Mining search engine query logs via suggestion sampling

  • Authors:
  • Ziv Bar-Yossef;Maxim Gurevich

  • Affiliations:
  • Haifa, Israel and Google Haifa Engineering Center, Israel;Haifa, Israel

  • Venue:
  • Proceedings of the VLDB Endowment
  • Year:
  • 2008

Quantified Score

Hi-index 0.00

Visualization

Abstract

Many search engines and other web applications suggest auto-completions as the user types in a query. The suggestions are generated from hidden underlying databases, such as query logs, directories, and lexicons. These databases consist of interesting and useful information, but they are typically not directly accessible. In this paper we describe two algorithms for sampling suggestions using only the public suggestion interface. One of the algorithms samples suggestions uniformly at random and the other samples suggestions proportionally to their popularity. These algorithms can be used to mine the hidden suggestion databases.
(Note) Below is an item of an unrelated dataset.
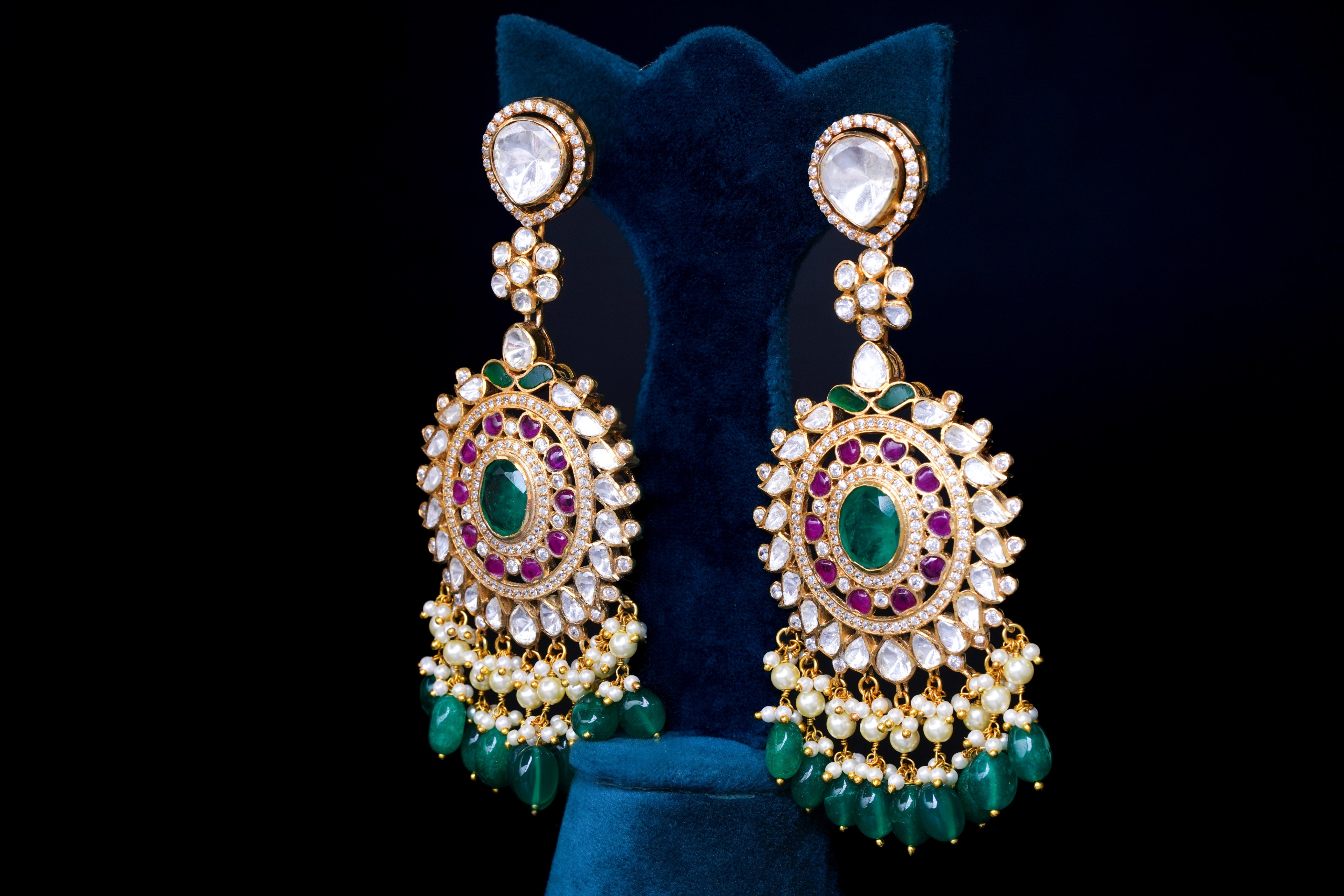 Adorn yourself with these majestic Polki earrings crafted in sterling silver, designed to captivate with their intricate craftsmanship. Featuring a stunning combination of Polki stones, emerald and ruby accents, and delicate pearl fringes, these chandbali-style earrings are the epitome of luxury and tradition. Perfect for weddings and festive occasions, they add an unparalleled touch of elegance to your look.

Example applications include comparison of popularity of given keywords within a search engine's query log, estimation of the volume of commercially-oriented queries in a query log, and evaluation of the extent to which a search engine exposes its users to negative content. Our algorithms employ Monte Carlo methods in order to obtain unbiased samples from the suggestion database. Empirical analysis using a publicly available query log demonstrates that our algorithms are efficient and accurate. Results of experiments on two major suggestion services are also provided.